Each entry should be printed exactly, with its images omitted.

═════ Material provided

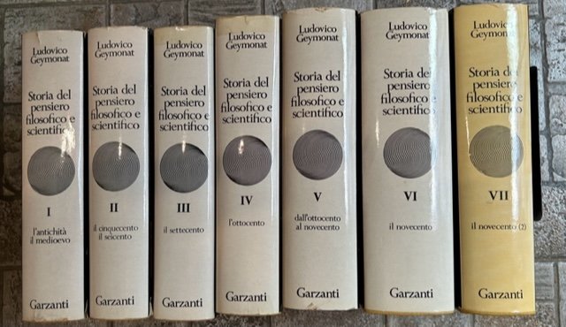 7 volumi in-4° , circa 700 pp a volume, legatura in tela editoriale con sovraccop. Prima edizione. L'opera è cosi suddivisa Vol. I - (L'antichità - Il Medioevo) pagine 685. Vol. II - (Il cinquecento - Il seicento) pagine 705. Vol. III - (Il Settecento) pagine 719. Vol. IV - (L'ottocento) pagine 818. Vol V - (Dall'ottocento al novecento) pagine 998. Vol. VI - (Il novecento) pagine 1183. Ogni volume contiene numerose illustrazioni in nero e tavole a colori.
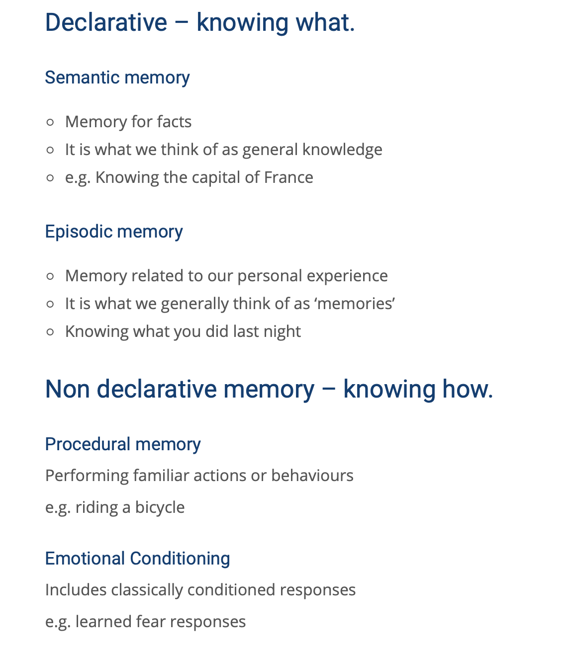 Non declarative – the actions that we don’t even think about, but we had to learn at one stage.
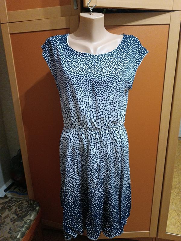 сукня у горох, розмiр М, талiя на гумцi, бiрка зi cкладом зрiза6а, якiсть класна, колiр синiй, замiри: плечи 50 (приспушенi), груди 47, талiя39-50, довжина 94
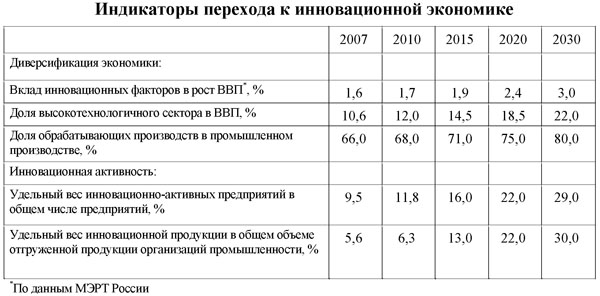 В качестве основного для российского общества результата от реализации данного сценария ожидается общее повышение инновационности экономики. В частности, увеличения с 2007 г. до 2020 г.: вклада инновационных факторов в рост ВВП с 1,6% г. до 2,4%, доли высокотехнологичного сектора в ВВП с 10,6% до 18,5%, доли обрабатывающих производств в промышленности с 66% до 78%, удельного веса инновационно-активных предприятий с 9,5% до 30 %, удельного веса инновационной продукции - с 5,6% до 22%. Основные индикаторы инновационной деятельности в прогнозный период будут изменяться в следующем направлении:
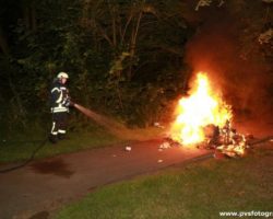 Als erstes wurde die Feuerwehr gegen 23:50 h in den Stadtpark Gronau gerufen. Dort hatten Unbekannte einen Kunststoff – Müllcontainer an der Berufsschule entwendet und im Bereich des alten Musikpavillons angezündet. Die Feuerwehr konnte den Brand durch Einsatz eines C-Rohres löschen. Die Polizei hat die Ermittlungen aufgenommen. Noch während der Aufräumarbeiten kam eine weitere Brandmeldung über die Kreisleitstelle. Im Bereich der Bleeke soll ein PKW brennen. Bei Eintreffen der Feuerwehr hatten Anwohner den im rechten Vorderbereich brennenden PKW bereits abgelöscht. Die Feuerwehr klemmte die Batterie des Fahrzeuges ab, da mehrere Kabel offen im Motorraum lagen.
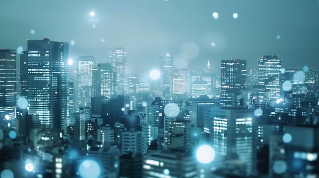 Modern city with wireless network connection and city scape concept.Wireless network and Connection technology concept with city background at night.
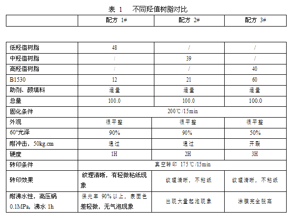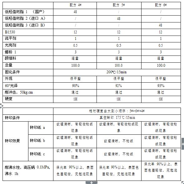本文中“高光”是指采用光澤儀的 60º 角測的光澤在 80%單位以上。 目前鋁型材熱轉印的方式主要是通過真空轉印方式,對于熱轉印粉末來說,首先必須保證其不粘紙,其次需要流平好、機械性能優良和耐沸水性能優異才能適合應用于鋁型材。聚氨酯木紋粉主要由羥基樹脂和封閉型多異氰酸酯組成, 而中國市場上封閉型多異氰酸酯主要以國外進口的德固賽公司生產的 B1530 為主,羥基樹脂國內外品種較多,大概分為三大類,即低羥值樹脂(一般羥值在 30mgKOH/g-50mgKOH/g 之間) 、中羥值樹脂(一般羥值在90mgKOH/g-110mgKOH/g之間) 和高羥值樹脂 (一般羥280mgKOH/g-320mgKOH/g之間) 。所以需要先研究不同羥值樹脂對涂膜的影響。
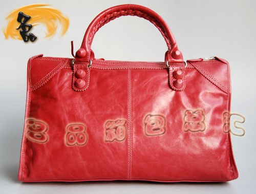 • 084824 BLENCIAGA 巴黎世家 新款奢华大皮钉红色机车包 手提包
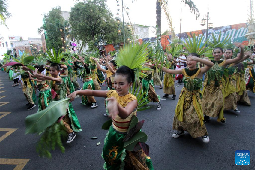 Bailarinas participan en el Festival de Danza Solo 2025 para celebrar el Día Internacional de la Danza, en Surakarta, Java Central, Indonesia, el 29 de abril de 2025. (Fotografía de Bram Selo/Xinhua.)
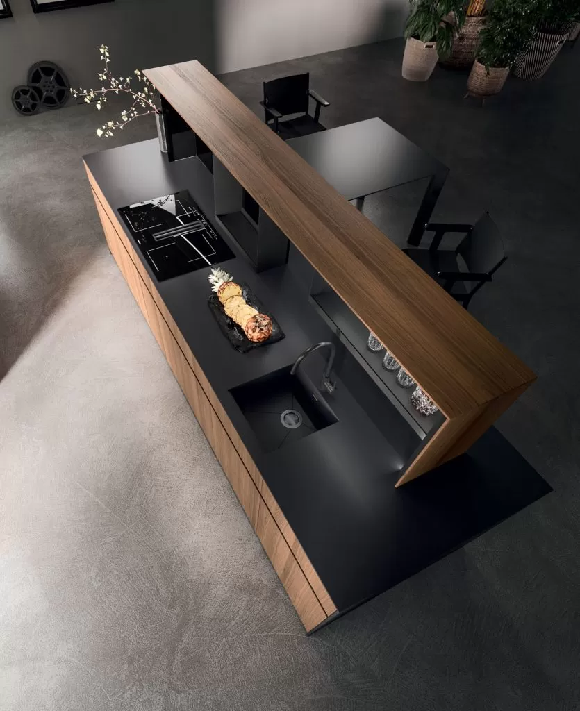 Equilibro dei contrasti: pietra, legno e alluminio sono le finiture che si possono trovare nella cucina Nautila di Arrital.
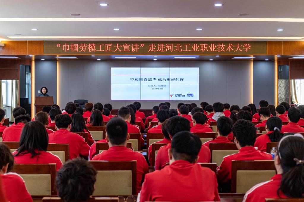 感悟大国担当,致敬劳动模范。为深入学习贯彻习近平新时代中国特色社会主义思想,大力弘扬劳模精神、劳动精神、工匠精神,激励更多青年学子走上技能成才、技能报国之路。3月26日河北省总工会汇聚巾帼劳模走进幻影体育(中国)官方网站,让师生近距离聆听榜样事迹,感受劳模风采。学校工会、学工部负责人,智能制造学院、材料工程系、环境与化学工程系师生代表共同参加了本次活动。

══════════

_Task answer_.
 7 volumi in-4° , circa 700 pp a volume, legatura in tela editoriale con sovraccop. Prima edizione. L'opera è cosi suddivisa Vol. I - (L'antichità - Il Medioevo) pagine 685. Vol. II - (Il cinquecento - Il seicento) pagine 705. Vol. III - (Il Settecento) pagine 719. Vol. IV - (L'ottocento) pagine 818. Vol V - (Dall'ottocento al novecento) pagine 998. Vol. VI - (Il novecento) pagine 1183. Ogni volume contiene numerose illustrazioni in nero e tavole a colori.
 Non declarative – the actions that we don’t even think about, but we had to learn at one stage.
 сукня у горох, розмiр М, талiя на гумцi, бiрка зi cкладом зрiза6а, якiсть класна, колiр синiй, замiри: плечи 50 (приспушенi), груди 47, талiя39-50, довжина 94
 В качестве основного для российского общества результата от реализации данного сценария ожидается общее повышение инновационности экономики. В частности, увеличения с 2007 г. до 2020 г.: вклада инновационных факторов в рост ВВП с 1,6% г. до 2,4%, доли высокотехнологичного сектора в ВВП с 10,6% до 18,5%, доли обрабатывающих производств в промышленности с 66% до 78%, удельного веса инновационно-активных предприятий с 9,5% до 30 %, удельного веса инновационной продукции - с 5,6% до 22%. Основные индикаторы инновационной деятельности в прогнозный период будут изменяться в следующем направлении:
 Als erstes wurde die Feuerwehr gegen 23:50 h in den Stadtpark Gronau gerufen. Dort hatten Unbekannte einen Kunststoff – Müllcontainer an der Berufsschule entwendet und im Bereich des alten Musikpavillons angezündet. Die Feuerwehr konnte den Brand durch Einsatz eines C-Rohres löschen. Die Polizei hat die Ermittlungen aufgenommen. Noch während der Aufräumarbeiten kam eine weitere Brandmeldung über die Kreisleitstelle. Im Bereich der Bleeke soll ein PKW brennen. Bei Eintreffen der Feuerwehr hatten Anwohner den im rechten Vorderbereich brennenden PKW bereits abgelöscht. Die Feuerwehr klemmte die Batterie des Fahrzeuges ab, da mehrere Kabel offen im Motorraum lagen.
 Modern city with wireless network connection and city scape concept.Wireless network and Connection technology concept with city background at night.
本文中“高光”是指采用光澤儀的 60º 角測的光澤在 80%單位以上。 目前鋁型材熱轉印的方式主要是通過真空轉印方式,對于熱轉印粉末來說,首先必須保證其不粘紙,其次需要流平好、機械性能優良和耐沸水性能優異才能適合應用于鋁型材。聚氨酯木紋粉主要由羥基樹脂和封閉型多異氰酸酯組成, 而中國市場上封閉型多異氰酸酯主要以國外進口的德固賽公司生產的 B1530 為主,羥基樹脂國內外品種較多,大概分為三大類,即低羥值樹脂(一般羥值在 30mgKOH/g-50mgKOH/g 之間) 、中羥值樹脂(一般羥值在90mgKOH/g-110mgKOH/g之間) 和高羥值樹脂 (一般羥280mgKOH/g-320mgKOH/g之間) 。所以需要先研究不同羥值樹脂對涂膜的影響。
 • 084824 BLENCIAGA 巴黎世家 新款奢华大皮钉红色机车包 手提包
 Bailarinas participan en el Festival de Danza Solo 2025 para celebrar el Día Internacional de la Danza, en Surakarta, Java Central, Indonesia, el 29 de abril de 2025. (Fotografía de Bram Selo/Xinhua.)
 Equilibro dei contrasti: pietra, legno e alluminio sono le finiture che si possono trovare nella cucina Nautila di Arrital.
 感悟大国担当,致敬劳动模范。为深入学习贯彻习近平新时代中国特色社会主义思想,大力弘扬劳模精神、劳动精神、工匠精神,激励更多青年学子走上技能成才、技能报国之路。3月26日河北省总工会汇聚巾帼劳模走进幻影体育(中国)官方网站,让师生近距离聆听榜样事迹,感受劳模风采。学校工会、学工部负责人,智能制造学院、材料工程系、环境与化学工程系师生代表共同参加了本次活动。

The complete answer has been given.